In summary, HCT is associated with the prognosis of septic patients during admission to the ICU. Septic patients with the low HCT level presented with enhanced disease severity and high mortality rate. HCT can be applied as an independent risk factor for the prognosis of patients with sepsis.
Further study is required to investigate the pathophysiological and immunological mechanism of the relationship between HCT and clinical outcomes in septic patients.
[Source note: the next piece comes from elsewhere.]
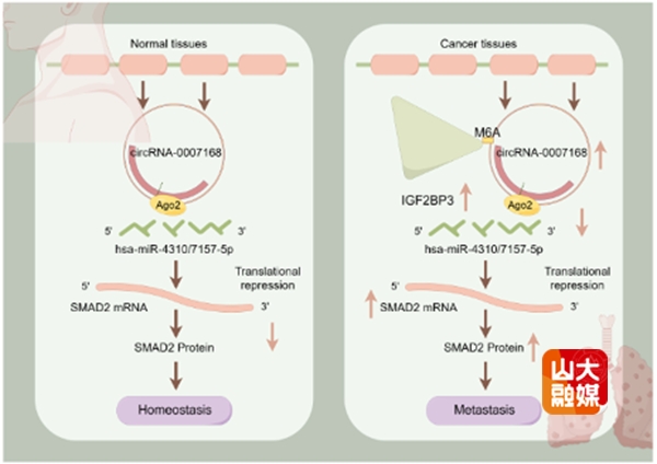 雷大鹏教授团队围绕这一科学问题展开了系统且深入的研究。研究发现,m⁶A识别蛋白IGF2BP3在头颈鳞癌组织中高表达,且其高表达与患者不良临床结局显著相关,是头颈鳞癌患者预后的独立危险因素。机制研究表明,IGF2BP3可直接与circHECTD2结合并维持其稳定性,而circHECTD2的m⁶A修饰能够显著增强二者的结合作用,这一过程是调控后续信号通路的关键。进一步研究证实,circHECTD2作为竞争性内源RNA(ceRNA),可通过吸附hsa_miR_4310和hsa-miR-7157-5p,抑制其对下游靶基因SMAD2 mRNA的降解作用,进而上调 SMAD2的表达。最终,IGF2BP3/circHECTD2/SMAD2这一调控轴通过促进头颈鳞癌细胞的增殖、侵袭和转移,推动肿瘤的恶性进展。

A perfect biomarker for sepsis has not yet been identified. More immunological experiments and multi-center studies on this easily available parameter will be of great significance for the early prediction of the outcomes of sepsis, which must be beneficial for the treatment of sepsis.
Conclusion
In summary, the hematocrit in the first 24 hours after ICU admission was independently associated with increased 30-day all-cause mortality in adult septic patients but of limited sensibility and specificity. Further extensive multicenter prospective studies are needed to confirm the relationship and validate whose clinical significance.
Data Availability
All datasets supporting the conclusions of this study are obtained from the MIMIC-III database (web site:https://mimic.physionet.org/).
Funding Statement
This study was supported by (the Chengdu Science and Technology Bureau (No.2017FZ0058)) and (the Health Department of Sichuan Province (No.17PJ474)).The funders had no role in study design, data collection and analysis, decision to publish, or preparation of the manuscrip.